However Mother’s Day lands for you this year, whether it’s softly, sharply, or not at all, you’re not alone inside it. And if it stirs more than it settles, you’re actually in good company.
Tomorrow’s also the full moon. It’s the kind that pulls on what’s been tucked away. It brings light to the ache you thought you buried and says, “Let’s look again.”
So I want to tell you something personal. Something I promised I would.
Let me tell you why I made my upcoming grieving companion and why I’m the one walking beside you through grief.
I didn’t become a grief specialist because it sounded interesting. I became it by surviving the kind of losses that don’t leave you the same.
When I was a child, grief was already living in our house. My younger brother died the day he was born. He was the only boy. The last chance, as my parents saw it.
I never met him, but I lived inside the after of his absence. Every year: “Today would’ve been his tenth birthday… his fifteenth…” His ghost had a seat at the table before I even understood what grief was.
At 18, I lost my grandmother. She was my safe place, my anchor. And she was definitely the one who truly saw me. It was the first time I learned that love could vanish. And that changed me.
In my 30s, I lost my sister Lorraine, suddenly. Ten days later, my father died. It felt like grief came back for seconds before I could even breathe.
I was holding it all together, going through a divorce, moving, raising my son, building a life, becoming the reliable one. But inside I was unravelling.
Then my oldest sister died, followed by my mother. I held her hand as she left this world. It was the end of an era, and I knew it.
And then, four months and one day after my mother’s death, on the day I moved into a new home with my new husband, I lost my son, Connor. My only child. He was in a crosswalk when a distracted driver ran a red light. He was 22. And that loss… it should’ve taken me with it. But it didn’t.
I floated. I dissociated. I disappeared for a while. But eventually, breath returned. Slowly.
I began calling my relationship with him Connor 2.0, because the love didn’t die. It changed shape.
Nearly a decade later, I lost my last sister, the final sibling. She’d been missing for years. Declared missing with no answers until she was found. Dead. Ten years after the first goodbye, grief returned not as a wave, but as a reckoning.
Here’s what I learned:
Grief doesn’t respect time. It doesn’t expire. And it doesn’t care if you’re “doing better.”
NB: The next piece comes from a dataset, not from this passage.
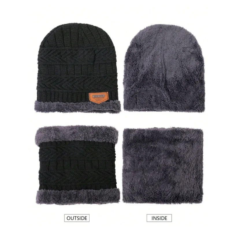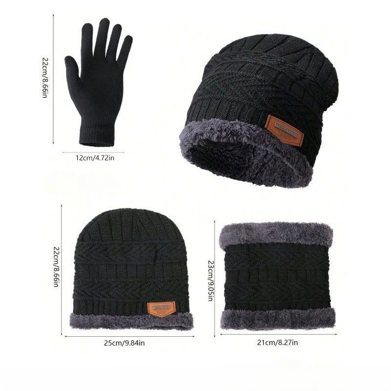 قبعة، وشاح، قفازات، طقم مكون من ثلاث قطع للرجال، قبعة شتوية سميكة دافئة، قبعة مريحة ومقاومة للبرد لحماية الأذن

Grief rearranges the architecture of who you are. It changes how you love, how you speak, how you hold joy, and how long you stay in a grocery store aisle before breaking down over a box of cereal.
I share all this not for sympathy, but for recognition. To say: if your grief is long, layered, strange, or still surfacing years later, you’re not doing it wrong. You’re just in relationship with your loss.
That’s why I’m creating this companion. It’s meant to walk with you. It’s not a course or a checklist as much as a presence. Mine, yours, your grief’s, your loves’. It’s a place to breathe.
It’s the beginning of something sacred. Not healing in the way the world defines it, but healing as in wholeness. Being witnessed, allowed, and heard.
The grief companion is coming soon. If you’re walking through something tender whether it’s known or unnamed, this might be for you.
PS) This isn’t about toughness. It’s about transmutation. I’m not here because I survived grief better than anyone. I’m here because I let it shape me. I didn’t just lose. I listened. I didn’t just break. I became. And if you’re carrying something that’s changed you, if your love still lives in the ache, maybe you’re not meant to “move on” either. Maybe you’re here to carry it forward, too. Not alone and untouched. But fully human. Fully feeling. Fully here.